• U.S.

Early Retiree: Take the Money and…?

2 minute read
Joel Stein

This is what too much money can do to a person. Since selling his business to Netscape in March 1996 for “enough to sustain my lifestyle indefinitely,” Jayson Adams, 32, has spent a lot of time thinking. An incredible amount of that thinking has taken place at Menlo Park’s Cafe Borrone, a coffee shop four blocks from his apartment. “Since I was 16 or so, my objective was to start a company and sell it or IPO,” he says, sipping a cup of tea.

Now he’s not sure what his objective is. “If you don’t have a job, you have to confront who you are. If you’re not dating, you can usually say, ‘It’s because I’m working all the time.’ Now you can’t say that.” His business card gives his title as “emeritus.”

Almost all of Adams’ contemporaries, who swore they’d retire, have started new companies. But Adams is steadfast in his refusal to work. So he’s going to spend his weekdays this fall commuting to Los Angeles to study guitar, and then fly back for his weekend drawing classes. He knows all kinds of things now, such as what time of the day the supermarket is least crowded.

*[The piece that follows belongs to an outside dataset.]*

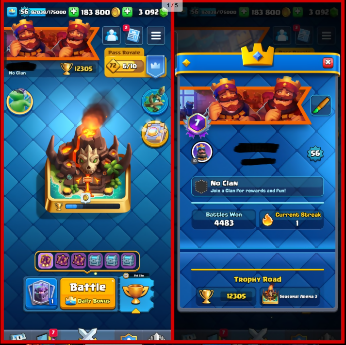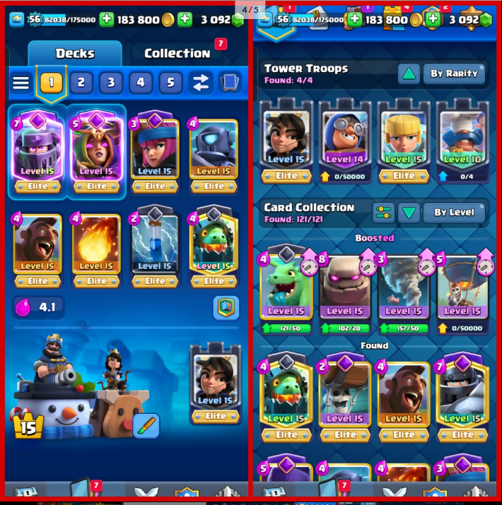 ☘️KT (15) ☘️ [36 MAX] ☘️56 XP?15 EVO ✨25 LVL 14 CARDS - 11 ELITE ✨12300 TROPHY ?Seasonal ARENA 3 ? 121 CARDS✨ ? 7 YEARS BADGE ✨48 RARE EMOTES ✨[3k+ GEMS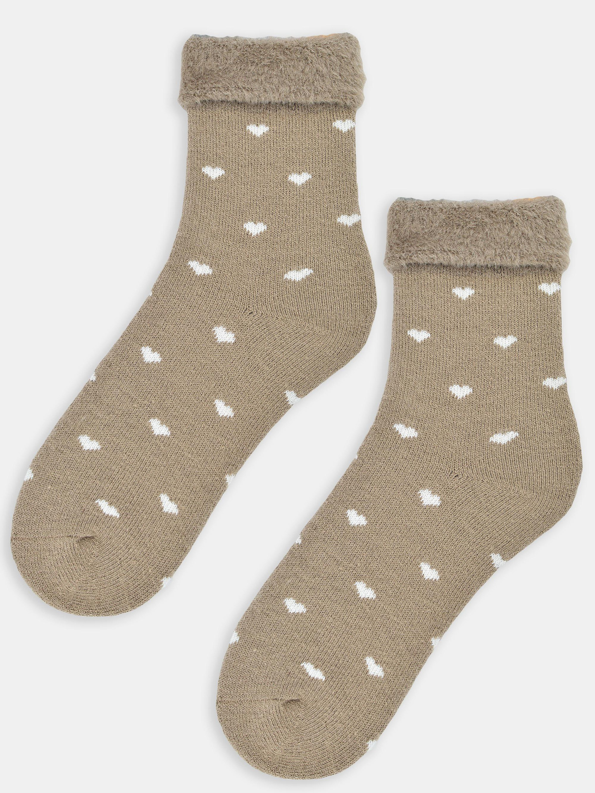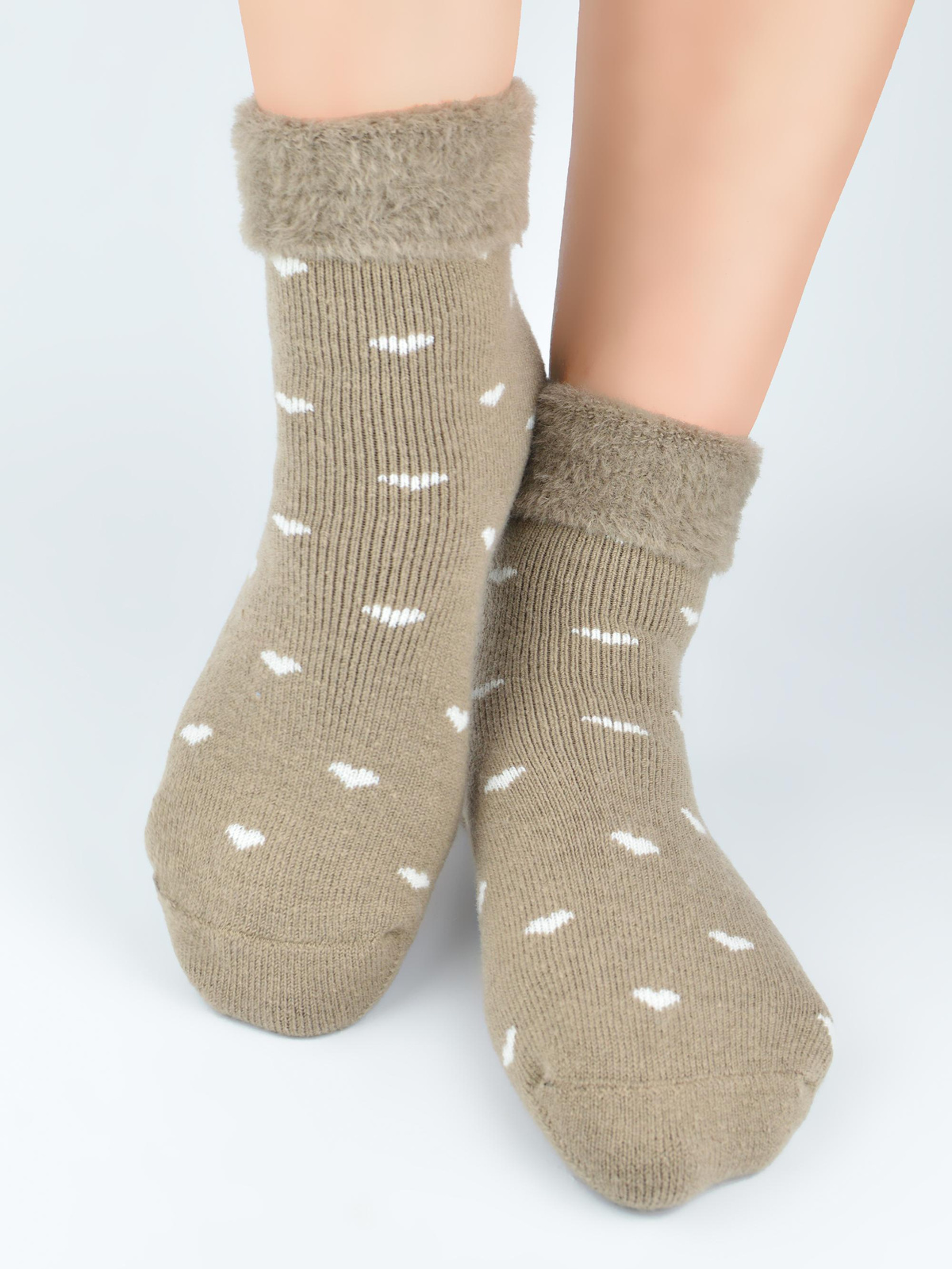 Słodkie skarpetki damskie w serca z prawdziwą wełną SB137 beż - Noviti

And ever since reading a tome called Four Arguments for the Elimination of Television, he’s got a little weird about progress. He doesn’t use the Internet or watch TV, and he bikes and walks to most places. He has renounced most technology, except for some wings with speakers attached to them that he built for this year’s countercultural Burning Man festival.

After his tea, Adams walks across the street, where the millionaire Luddite buys $20 worth of lottery tickets.